Osteoarthritis affects many people, but there are many misconceptions associated with the condition. We get experts to throw more light on the issue.
Shekhar had always been an active person. Apart from his regular gymming schedule, he would also participate in marathons and cycling rallies. He was also a stickler for a healthy diet. However, as he approached his 50s, he began to notice that he couldn’t be as agile as earlier, and no, this was no age-related slowdown. His knees were starting to bother him, and the pain got so bad that he finally agreed to visit a doctor. A series of tests later he was diagnosed with osteoarthritis.
“Osteoarthritis is a degenerative process. A normal person injures his cartilage in his day-to-day activities. However, the body can repair this damage. But, in people with osteoarthritis, the body’s ability to repair this cartilage damage is defective. It is one of the commonest forms of arthritis,” explains Dr K. J. Reddy, Senior Orthopedic Consultant and Knee Specialist.
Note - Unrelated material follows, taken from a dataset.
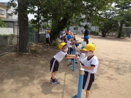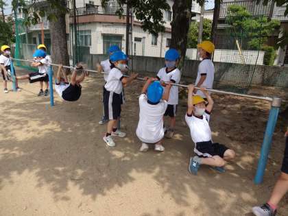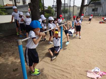 友達と鉄棒を譲り合いながら順番に、鉄棒の技に挑戦しました。

Osteoarthritis is generally seen in middle-aged people. According to Dr Reddy, there are two types of osteoarthritis, primary and secondary. “The primary kind occurs later in life, usually after the age of 50 years. The secondary kind, as the name suggests, is secondary to a pre-existing condition. For instance, an accident that damages the knee joint is likely to result in osteoarthritis. Or for that matter an infection in the joints, deformity due to rickets, Fluorosis or abnormal weight bearing on the joints can all lead to osteoarthritis,” he says.
Osteoarthritis usually occurs with pain, stiffness, and swelling around the joints. As the ailment progresses, it can lead to complete stiffness of the joints. A person with osteoarthritis will have decreased mobility and climbing stairs or sitting on the floor will be rather difficult for them.
“There are four stages of this ailment. While stage 1 can be treated with medication and physiotherapy, stages 2 and 3 can be treated with stem cell therapy or joint fluid injections. Arthroscopic surgery or endoscopic surgery can be done to preserve the knee and also repair it. However, in stage 4, the damage is complete, and a knee replacement surgery is required,” further adds Dr Reddy.
“While the condition cannot be reversed, its progression can be slowed down,” says Dr Reddy. “Research is still on to find a way to reverse the condition. However, physiotherapy is of key importance in the treatment, as it helps build muscle strength. This way, the load can be borne by the muscles and not the joints alone.”